I'm looking at buying tickets for this play for our (two adults and a teenage son) trip coming up in late December.  Can anyone tell me about _The Woman in Black_?

Thanks in advance!

nonutrix


----------



## wauhob3 (Oct 15, 2009)

nonutrix said:


> I'm looking at buying tickets for this play for our (two adults and a teenage son) trip coming up in late December.  Can anyone tell me about _The Woman in Black_?
> 
> Thanks in advance!
> 
> nonutrix




We saw it in 2000. It was well done and a spooky play.


----------



## MULTIZ321 (Oct 15, 2009)

The Woman in Black - London Theatre Guide Review


Richard


----------



## DebBrown (Oct 15, 2009)

A wonderful show!  We saw it a couple of years ago.  My son was maybe 18 and it was his favorite of all the London theatre.  It is a well told spooky ghost story.

Deb


----------



## x3 skier (Oct 17, 2009)

Another one you might enjoy is The 39 Steps. Saw it last year at the Criterion and even went back for a second helping this year. I also recommend Oliver at the The Royal Drury Lane.

Cheers


----------



## Sue S (Oct 31, 2009)

No No No!!! Not the Woman in Black, not if you're a parent!!!  I went to see it with my sisters a few years back and we left feeling really low...  It's a brilliant play but a very disturbing ending.


----------



## Carlsbadguy (Oct 31, 2009)

I second 39 steps - saw it on a trip this August.  Bought cheap last min tx thru lastminute.com and wound up sitting in the first row.


----------



## nonutrix (Nov 3, 2009)

We saw 39 Steps last Thanksgiving - loved it!

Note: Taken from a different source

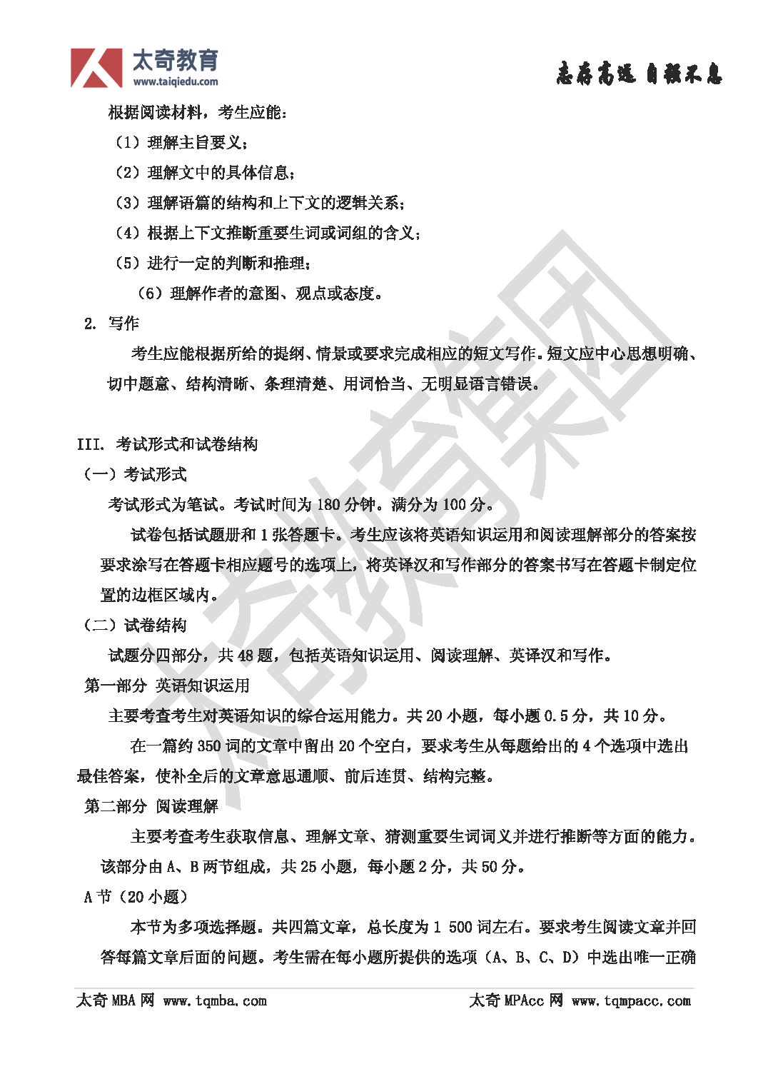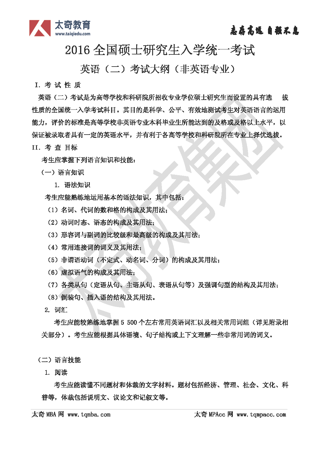 2016管理類(lèi)聯(lián)考英語(yǔ)(二)考試大綱

Tell me some more about the disturbing ending.  My son is a very jaded 15 yr old, by that time soon to be 16.

Thanks!

nonutrix


----------



## Kazy (Nov 4, 2009)

We saw Woman in Black when we were in London in the fall.  We loved the play but the ending is very chilling and unsettling.  It is hard to amplify on the ending without ruining the play for you.  I know it is hard to decide without knowing specific content but there are so many fabulous plays in London, why take a chance?


----------